The kind of generic-sounding thriller that came out every other week in the ’90s, ‘The Informer’ feels like more of a novelty at a time when so many crime stories find a home on the small screen. Its world of bent FBI officers, dedicated NYPD cops and vicious Polish mobsters might have occupied a whole season of ‘The Wire’ – and its tense, well-mounted early scenes don’t make a mockery of the comparison, even if its intricate plotting eventually dissolves in a daft final act.
The informer in question is Pete Koslow (Joel Kinnaman), an ex-army sniper-turned-convict whose parole terms trap him in the thankless role of FBI snitch for a shady handler (Rosamund Pike) and her even shadier boss (Clive Owen). When a sting operation ends in the murder of a cop, they leave Koslow to face the music with a sinister crime lord known as The General (Eugene Lipinski, underused). Soon, he’s back in jail trying to stay alive long enough to figure out who wants to kill him the most.
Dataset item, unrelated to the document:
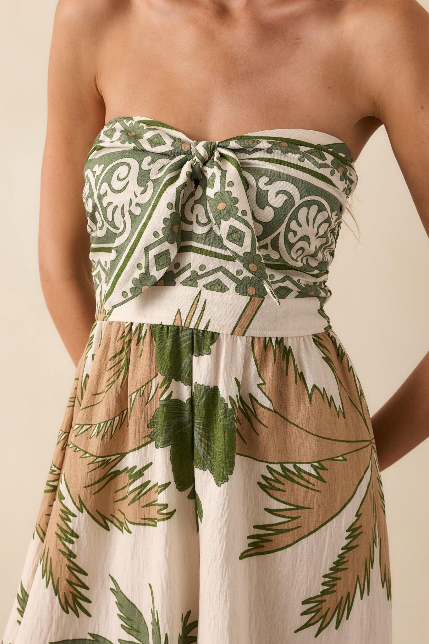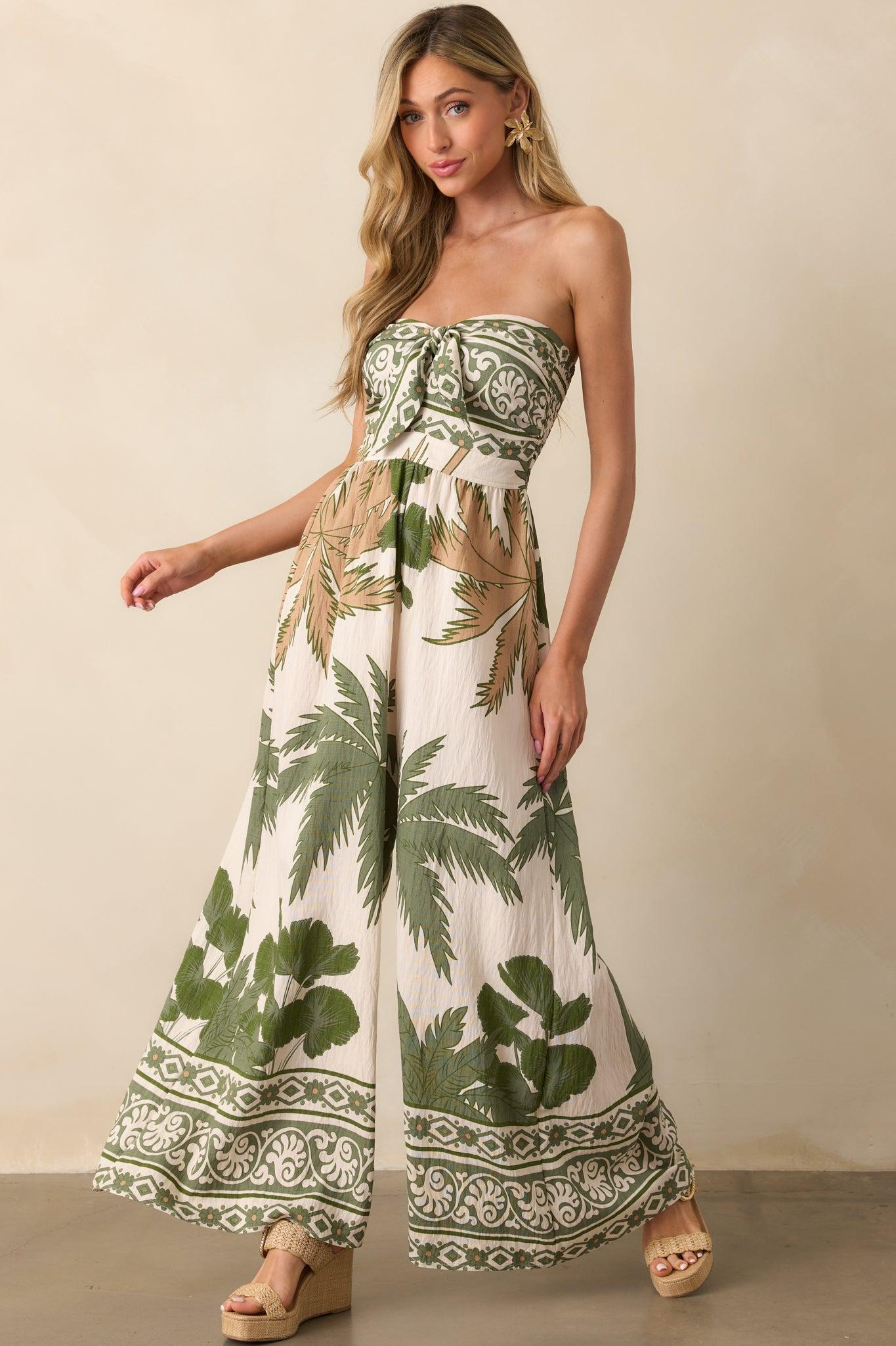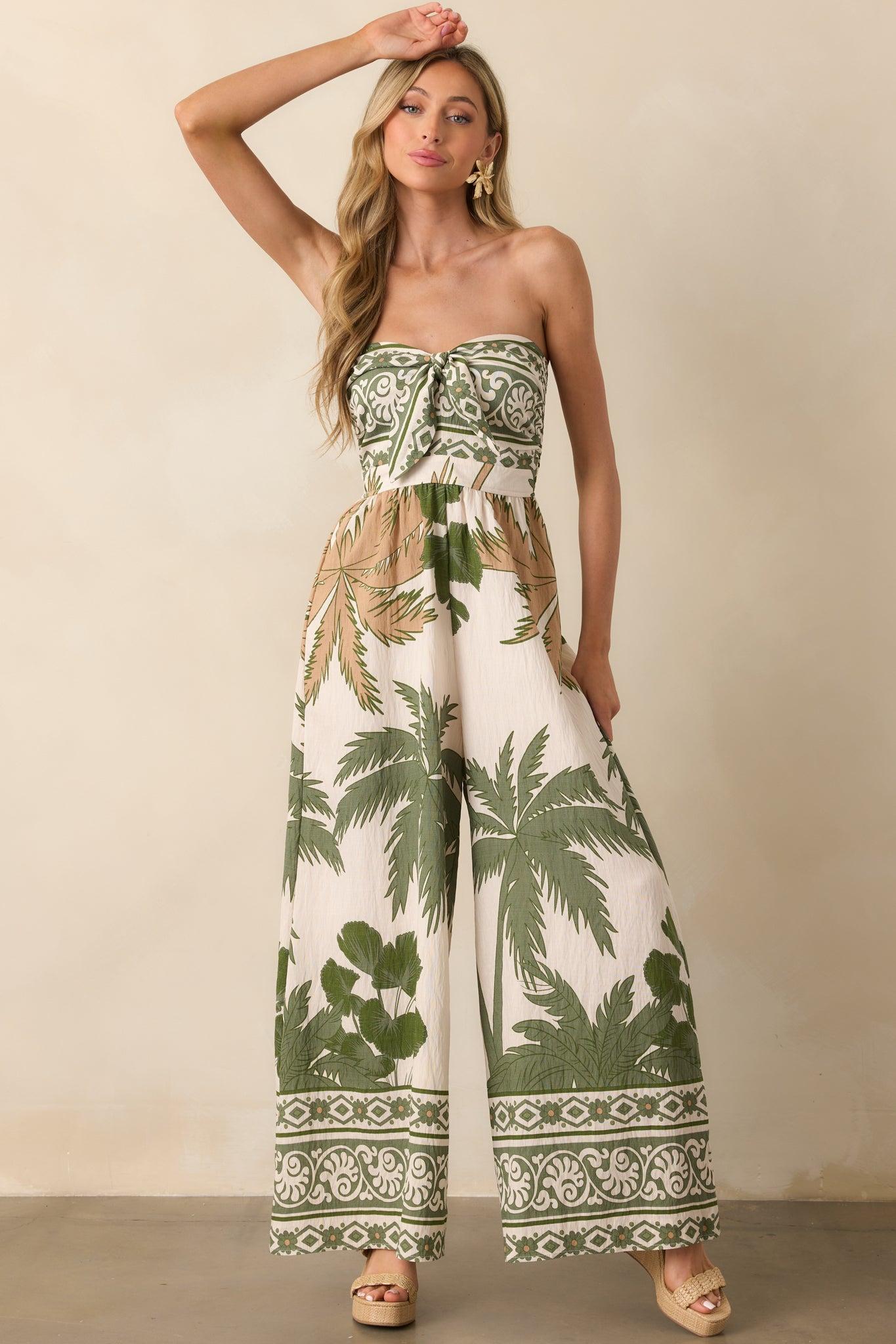 Our It’s Like I Never Left Green Multi Tropical Print Strapless Jumpsuit is made for returning to your favorite getaway spot and slipping right back into vacation mode. Bright and carefree, it’s perfect for seaside dinners, exploring familiar streets, or simply soaking up the vibe of a place you love. This jumpsuit features a green and tan tropical print throughout, a strapless neckline, self-tie front knot detail, back smocked panel, and a wide leg design.

It’s a tangled web, even without Common’s pavement-pounding cop triangulating the story via a third perspective. Director Andrea Di Stefano (‘Escobar: Paradise Lost’) transplants the Stockholm-set book on which it’s based into some satisfyingly grimy New York locations and the prison scenes are suitably claustrophobic. But ‘The Informer’ is a film that favours brawn over brains, punching its way through any plot predicaments. A smart hairpin or two would have made it a juicier watch.